Your objective
What do the lines from the top of the data through the line with "Karta wagonu Górnośląskich" say? Quote them exactly and include both ends.

Given information

#####

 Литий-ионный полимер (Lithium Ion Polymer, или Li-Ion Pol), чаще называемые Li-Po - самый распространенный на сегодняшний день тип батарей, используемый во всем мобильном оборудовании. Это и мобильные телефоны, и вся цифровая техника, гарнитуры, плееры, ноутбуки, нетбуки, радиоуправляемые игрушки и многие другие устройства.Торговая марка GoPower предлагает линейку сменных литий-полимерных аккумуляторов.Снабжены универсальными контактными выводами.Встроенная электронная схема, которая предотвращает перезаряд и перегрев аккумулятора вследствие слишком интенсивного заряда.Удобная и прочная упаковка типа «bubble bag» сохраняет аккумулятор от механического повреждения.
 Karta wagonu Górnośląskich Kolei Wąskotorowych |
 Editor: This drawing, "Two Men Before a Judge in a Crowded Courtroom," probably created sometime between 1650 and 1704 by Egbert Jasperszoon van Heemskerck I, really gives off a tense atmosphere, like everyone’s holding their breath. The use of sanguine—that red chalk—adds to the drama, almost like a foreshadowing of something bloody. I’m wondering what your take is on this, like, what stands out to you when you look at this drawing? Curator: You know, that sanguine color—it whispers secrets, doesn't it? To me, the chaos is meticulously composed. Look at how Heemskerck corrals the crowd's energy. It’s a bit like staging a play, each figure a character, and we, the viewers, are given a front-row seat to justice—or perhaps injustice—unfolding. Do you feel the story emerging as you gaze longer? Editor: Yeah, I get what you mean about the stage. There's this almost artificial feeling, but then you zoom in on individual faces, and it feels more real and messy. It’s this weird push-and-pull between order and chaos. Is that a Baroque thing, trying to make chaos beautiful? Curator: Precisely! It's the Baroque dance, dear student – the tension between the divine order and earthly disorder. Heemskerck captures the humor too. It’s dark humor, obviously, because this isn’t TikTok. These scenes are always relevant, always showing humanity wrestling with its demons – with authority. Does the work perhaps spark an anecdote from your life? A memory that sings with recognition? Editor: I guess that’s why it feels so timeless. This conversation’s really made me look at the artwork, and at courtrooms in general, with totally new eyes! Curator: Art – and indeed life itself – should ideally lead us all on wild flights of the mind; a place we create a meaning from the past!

#####

Expected output
 Литий-ионный полимер (Lithium Ion Polymer, или Li-Ion Pol), чаще называемые Li-Po - самый распространенный на сегодняшний день тип батарей, используемый во всем мобильном оборудовании. Это и мобильные телефоны, и вся цифровая техника, гарнитуры, плееры, ноутбуки, нетбуки, радиоуправляемые игрушки и многие другие устройства.Торговая марка GoPower предлагает линейку сменных литий-полимерных аккумуляторов.Снабжены универсальными контактными выводами.Встроенная электронная схема, которая предотвращает перезаряд и перегрев аккумулятора вследствие слишком интенсивного заряда.Удобная и прочная упаковка типа «bubble bag» сохраняет аккумулятор от механического повреждения.
 Karta wagonu Górnośląskich Kolei Wąskotorowych |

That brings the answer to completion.